**GIVEN DATA**
= = = = = = =

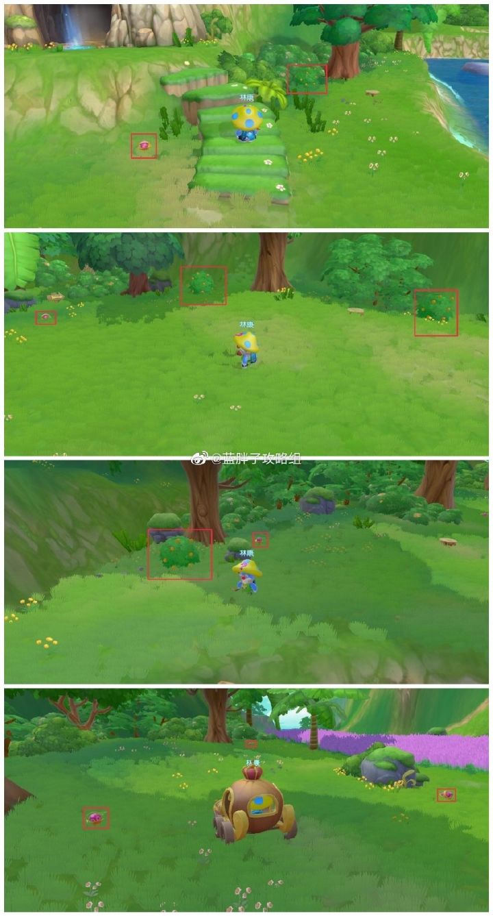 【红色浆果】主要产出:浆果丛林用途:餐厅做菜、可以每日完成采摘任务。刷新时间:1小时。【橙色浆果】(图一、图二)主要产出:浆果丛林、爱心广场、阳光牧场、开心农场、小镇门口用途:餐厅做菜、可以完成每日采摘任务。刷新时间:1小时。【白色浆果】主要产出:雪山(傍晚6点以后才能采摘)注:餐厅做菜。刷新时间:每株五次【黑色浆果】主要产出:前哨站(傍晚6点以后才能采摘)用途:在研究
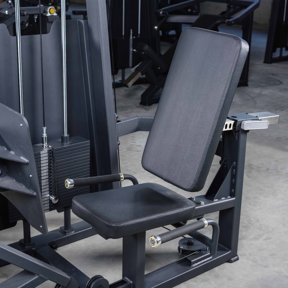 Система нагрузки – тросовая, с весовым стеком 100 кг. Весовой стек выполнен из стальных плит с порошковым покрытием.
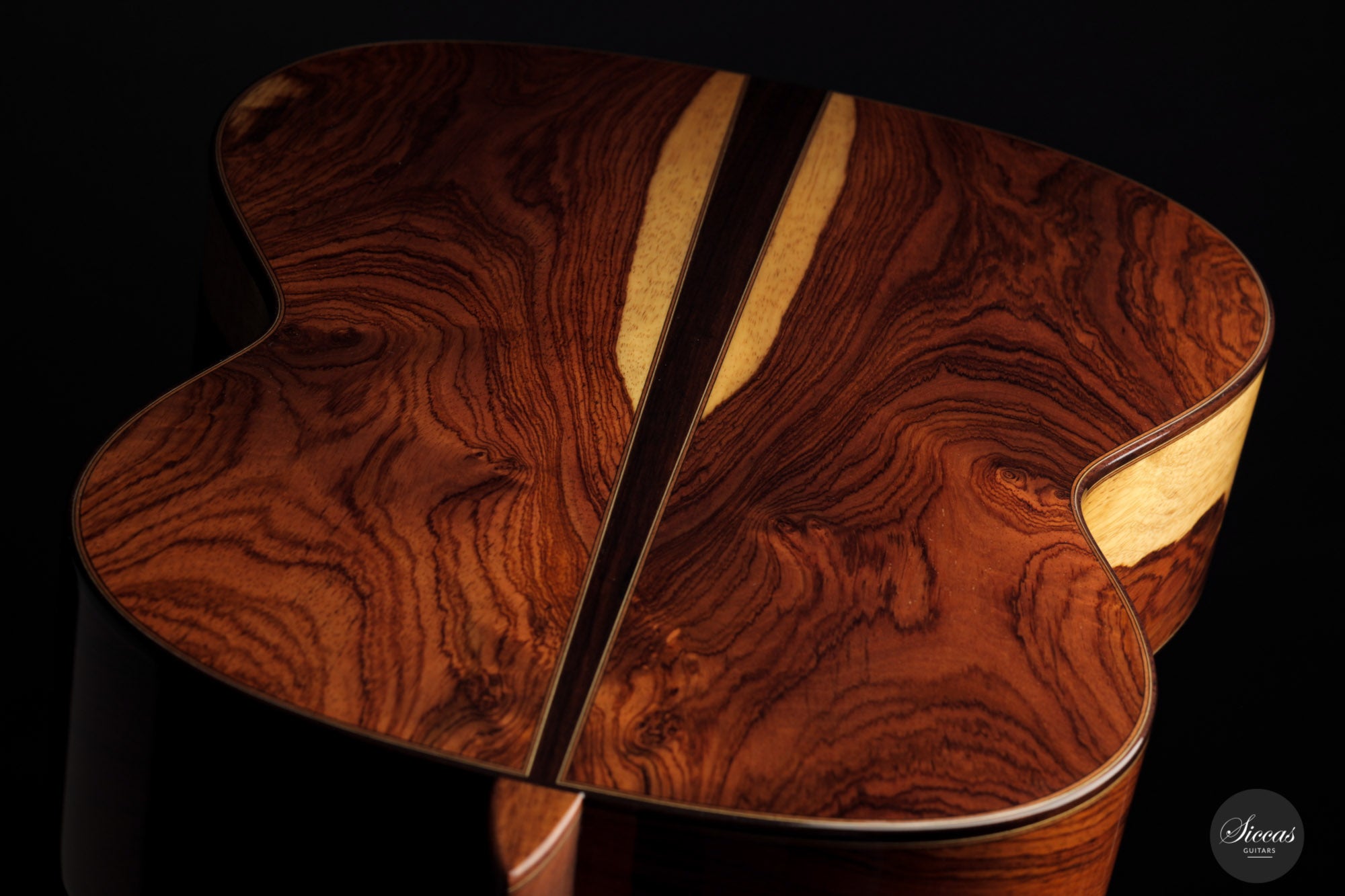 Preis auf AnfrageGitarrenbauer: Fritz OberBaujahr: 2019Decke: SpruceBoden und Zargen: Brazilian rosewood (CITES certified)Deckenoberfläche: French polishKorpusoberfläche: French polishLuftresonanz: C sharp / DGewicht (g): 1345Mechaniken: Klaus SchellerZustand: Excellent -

= = = = = = =

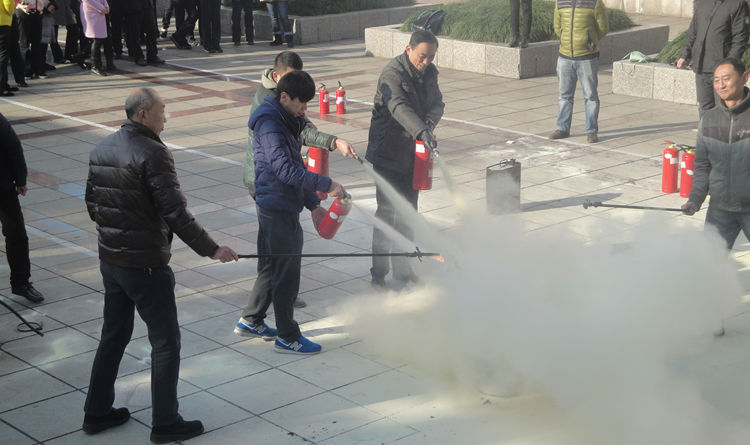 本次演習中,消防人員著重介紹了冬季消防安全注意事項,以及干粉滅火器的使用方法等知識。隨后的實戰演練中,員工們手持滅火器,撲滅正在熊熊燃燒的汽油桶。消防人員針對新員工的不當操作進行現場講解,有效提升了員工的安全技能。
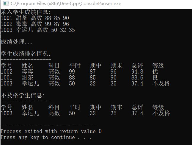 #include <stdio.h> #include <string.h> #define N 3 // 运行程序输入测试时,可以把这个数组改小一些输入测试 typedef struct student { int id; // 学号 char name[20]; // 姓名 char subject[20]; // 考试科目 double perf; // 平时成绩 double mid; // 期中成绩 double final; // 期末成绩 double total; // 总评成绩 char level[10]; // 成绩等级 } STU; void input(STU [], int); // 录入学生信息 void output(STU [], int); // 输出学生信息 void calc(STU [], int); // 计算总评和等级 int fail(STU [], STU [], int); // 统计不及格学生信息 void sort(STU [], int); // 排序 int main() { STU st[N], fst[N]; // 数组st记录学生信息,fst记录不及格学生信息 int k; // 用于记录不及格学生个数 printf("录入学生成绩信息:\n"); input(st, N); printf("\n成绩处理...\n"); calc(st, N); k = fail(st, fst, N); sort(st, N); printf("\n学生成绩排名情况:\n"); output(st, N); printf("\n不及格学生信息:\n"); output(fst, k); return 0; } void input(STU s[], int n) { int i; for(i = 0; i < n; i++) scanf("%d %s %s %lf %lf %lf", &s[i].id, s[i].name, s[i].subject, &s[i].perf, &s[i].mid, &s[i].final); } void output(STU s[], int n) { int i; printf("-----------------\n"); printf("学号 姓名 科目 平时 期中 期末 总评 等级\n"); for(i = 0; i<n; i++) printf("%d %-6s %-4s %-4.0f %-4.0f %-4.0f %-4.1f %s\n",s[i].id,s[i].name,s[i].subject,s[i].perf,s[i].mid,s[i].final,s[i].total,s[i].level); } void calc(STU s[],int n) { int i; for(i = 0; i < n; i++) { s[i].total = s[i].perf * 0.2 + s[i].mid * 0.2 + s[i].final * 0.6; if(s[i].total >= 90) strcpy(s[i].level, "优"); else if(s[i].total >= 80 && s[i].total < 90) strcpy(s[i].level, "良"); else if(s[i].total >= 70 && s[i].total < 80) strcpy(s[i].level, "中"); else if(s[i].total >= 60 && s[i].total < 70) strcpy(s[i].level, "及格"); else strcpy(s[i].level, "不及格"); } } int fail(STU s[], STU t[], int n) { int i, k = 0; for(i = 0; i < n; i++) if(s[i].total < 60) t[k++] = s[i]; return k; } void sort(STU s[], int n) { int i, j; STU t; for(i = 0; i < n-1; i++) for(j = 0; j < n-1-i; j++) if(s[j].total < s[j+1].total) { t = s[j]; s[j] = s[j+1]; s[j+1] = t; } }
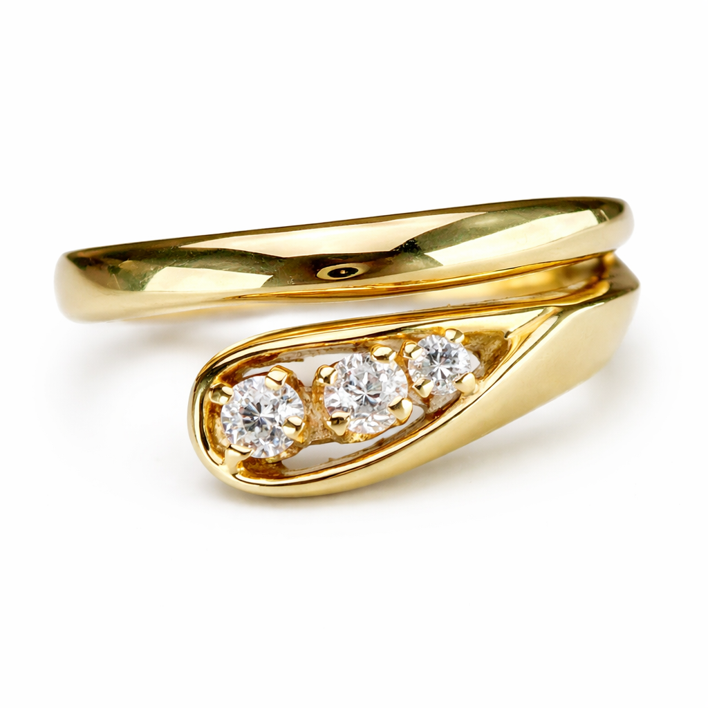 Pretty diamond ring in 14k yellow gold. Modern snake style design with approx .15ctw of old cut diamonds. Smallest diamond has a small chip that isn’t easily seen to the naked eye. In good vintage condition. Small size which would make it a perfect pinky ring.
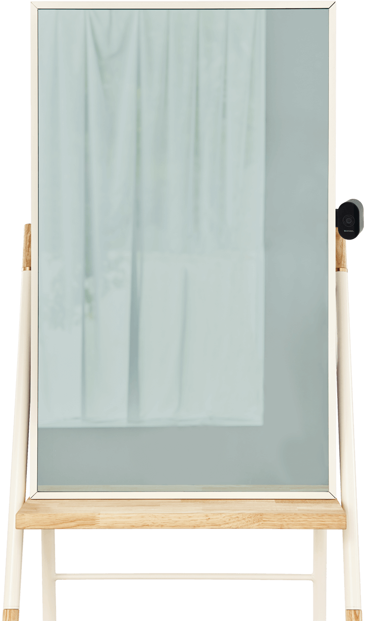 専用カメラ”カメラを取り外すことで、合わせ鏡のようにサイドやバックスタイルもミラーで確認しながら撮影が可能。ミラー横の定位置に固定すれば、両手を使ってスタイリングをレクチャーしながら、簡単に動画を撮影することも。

= = = = = = =

**PROBLEM TO WORK ON**
Look above for the line with "Система нагрузки –"; quote it and every line after it, stopping after the line with "Preis auf AnfrageGitarrenbauer: Fritz", exactly, with nothing added and without pictures.

**ANSWER BELOW**
 Система нагрузки – тросовая, с весовым стеком 100 кг. Весовой стек выполнен из стальных плит с порошковым покрытием.
 Preis auf AnfrageGitarrenbauer: Fritz OberBaujahr: 2019Decke: SpruceBoden und Zargen: Brazilian rosewood (CITES certified)Deckenoberfläche: French polishKorpusoberfläche: French polishLuftresonanz: C sharp / DGewicht (g): 1345Mechaniken: Klaus SchellerZustand: Excellent -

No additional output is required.